Durante este período, vão estar disponíveis 11.293 operacionais que integram 2.517 equipas dos vários agentes presentes no terreno, além dos meios aéreos, que serão no máximo 34.

Os 11.293 operacionais das 2.517 equipas envolvidos no DECIR nas próximas duas semanas são elementos pertencentes aos bombeiros voluntários, Força Especial de Proteção Civil, militares da Guarda Nacional Republicana e elementos do Instituto da Conservação da Natureza e das Florestas, nomeadamente sapadores florestais e sapadores bombeiros florestais.

Em relação ao mesmo período do ano passado, estão envolvidos no DECIR mais 893 operacionais e número idêntico de meios aéreos.

Os meios de combate a incêndios voltarão a ser reforçados a 1 de junho, mas é entre julho e setembro, considerada a fase mais crítica, o período que mobiliza o maior dispositivo, estando este ano ao dispor 14.155 operacionais de 3.162 equipas e 3.173 viaturas, um ligeiro aumento em relação a 2023.

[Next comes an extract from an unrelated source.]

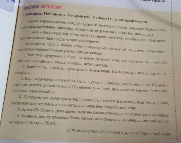"Денсаулькты сактау ез колынызда." - Дерігер сізді емдейді, бірак денсаулыкты сактау оз колынызда.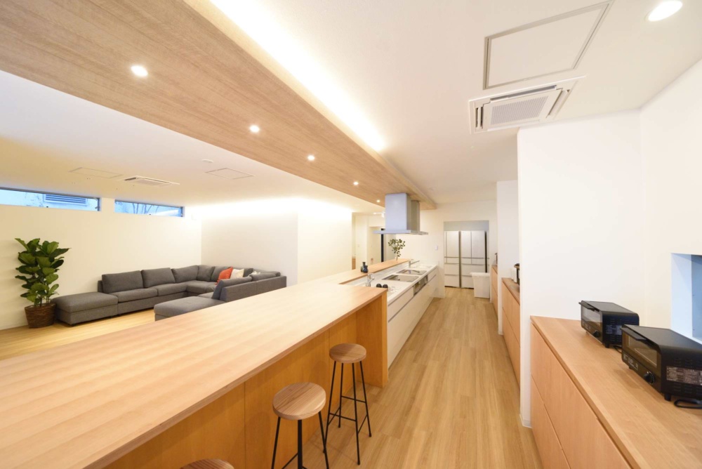 そしてこちらがZEZE OSAKAの1Fキッチンよりリビングを見ている眺めとなります。どうでしょうか?実際の間取り図から読み取れたイメージと似ていましたか?インテリアや、壁の色などは間取り図には描かれていないので、少しイメージとは違ったかもしれませんね!色や、デザインも少し予想しながら間取り図を見ると更に、おもしろくなりますよ♪

No entanto, a época considerada mais crítica em incêndios rurais vai contar este ano com 70 meios aéreos, menos dois do que em 2023, sendo os meios que não vão estar disponíveis no DECIR dois aviões ‘canadair’ devido às dificuldades no mercado.

A Força Aérea garante que os 70 meios aéreos para este ano estão todos contratualizados.

Este ano a aprovação e a apresentação do DECIR aconteceu quase em simultâneo ao primeiro reforço de meios do ano.

Na terça-feira, quando o dispositivo foi apresentado, o presidente da Autoridade Nacional de Emergência e Proteção Civil (ANEPC), Duarte da Costa, considerou que o DECIR para 2024 é “estável e robusto”.